U.S. Department of Agriculture: Agricultural Research Service, Lincoln, Nebraska

 

Date of this Version

8-2008

Comments

CAST Commentary
QTA2008-1 August 2008

Abstract

Disease has contributed significantly to the decline of bighorn sheep (Ovis Canadensis) populations throughout much of western North America, decreasing many native herds to less than 10% of their historical size and imperiling some populations and subspecies (Valdez and Krausman 1999). According to historical accounts (e.g., Grinnell 1928; Honess and Frost 1942; Shillinger 1937; Warren 1910), epidemics in some locations coincided with the advent of domestic livestock grazing in bighorn ranges, suggesting that novel pathogens may have been introduced into some bighorn populations beginning in the 1800s.
Native North American wild sheep species—bighorn sheep and thinhorn (Dall’s and Stone’s) sheep (O. dalli)—are very susceptible to pneumonia and particularly to pasteurellosis (Miller 2001).
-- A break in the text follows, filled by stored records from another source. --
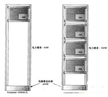 以圖所示的服務器為例,兩個服務器來自同一個系列WasteTech""sEscalenteline。左邊的WasteTech""sEscalente5000SUX配置了足夠的硬件,只需要60W的電能。右邊的6000SUX的最高配置安裝上足夠多的硬件后則要消耗540W的電能。然而兩臺服務器卻使用了同樣的電源。盡管目前的電源使6000SUX獲得了足夠的電能,但是對于消耗電量較少的服務器而言,則提供了過多的電能。這種過度供電造成了浪費。
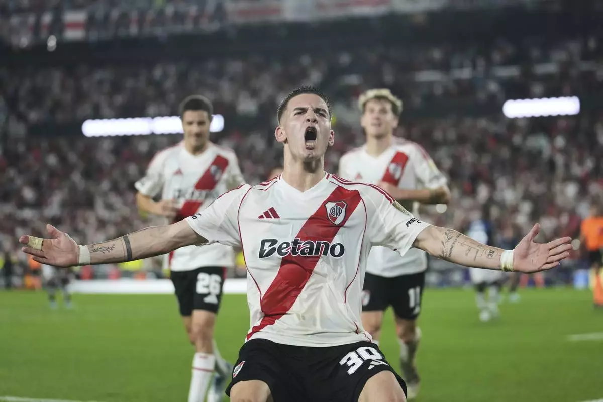 FILE - Franco Mastantuono of Argentina's River Plate celebrates after scoring from the penalty spot his side's third goal against Ecuador's Independiente del Valle during a Copa Libertadores Group B soccer match at the Monumental stadium in Buenos Aires, Argentina, Thursday, May 15, 2025. (AP Photo/Gustavo Garello, File)
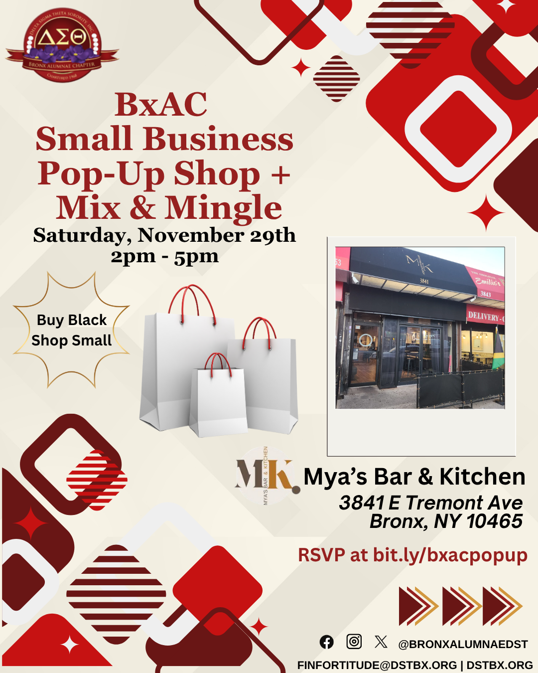 Join the Bronx Alumnae Chapter for our Small Business Pop-Up Shop + Mix & Mingle on November 29th at Mya’s Bar & Kitchen.
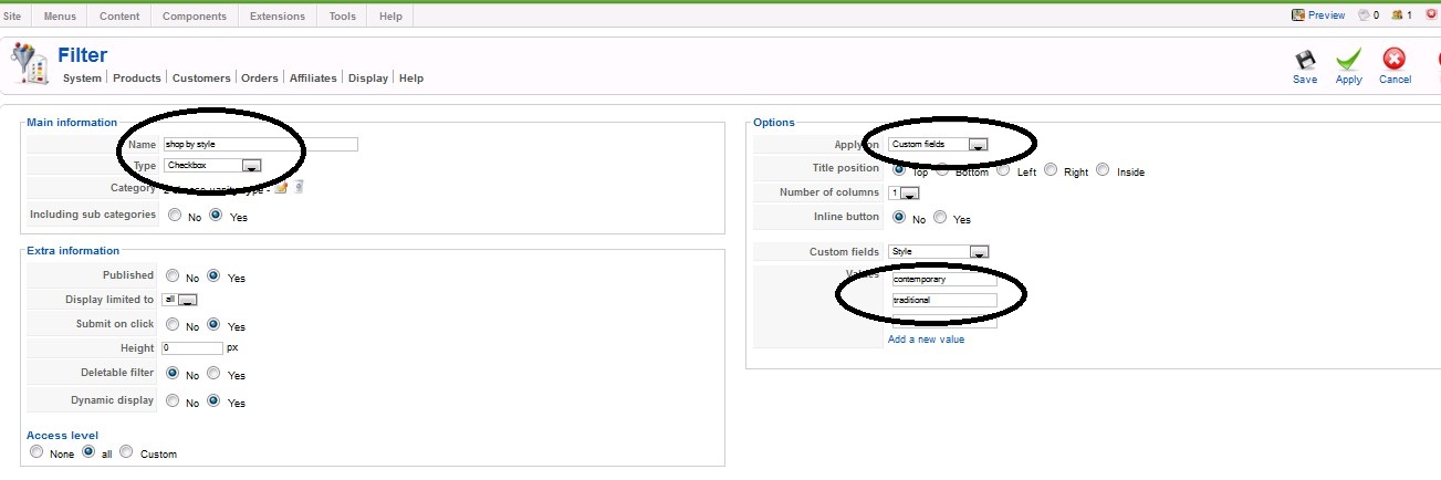 - filter by style, I selected "check box" and choose "style" (one of the custom field item),then put in values , see screen shot. But after I saved it and I click in again, the values disapear, and the values were not displayed on the front end as well.

The generic term “pasteurellosis” is used here for disease (often respiratory) caused by bacteria in the family Pasteurellaceae but now classified in the genera Pasteurella, Mannheimia, or Bibersteinia. In some recent pneumonia epidemics in bighorns, the cause has been attributed to endemic respiratory pathogens or strains of Pasteurellaceae (Rudolph et al. 2007), and in other epidemics the cause has been attributed to Pasteurellaceae strains or other pathogens introduced via interactions with domestic sheep (O. aires; George et al. 2008). This Commentary reviews current knowledge on pneumonic pasteurellosis in domestic and wild sheep, the risks of transmission between these species, and approaches for lowering the overall risk of epidemics in wild sheep.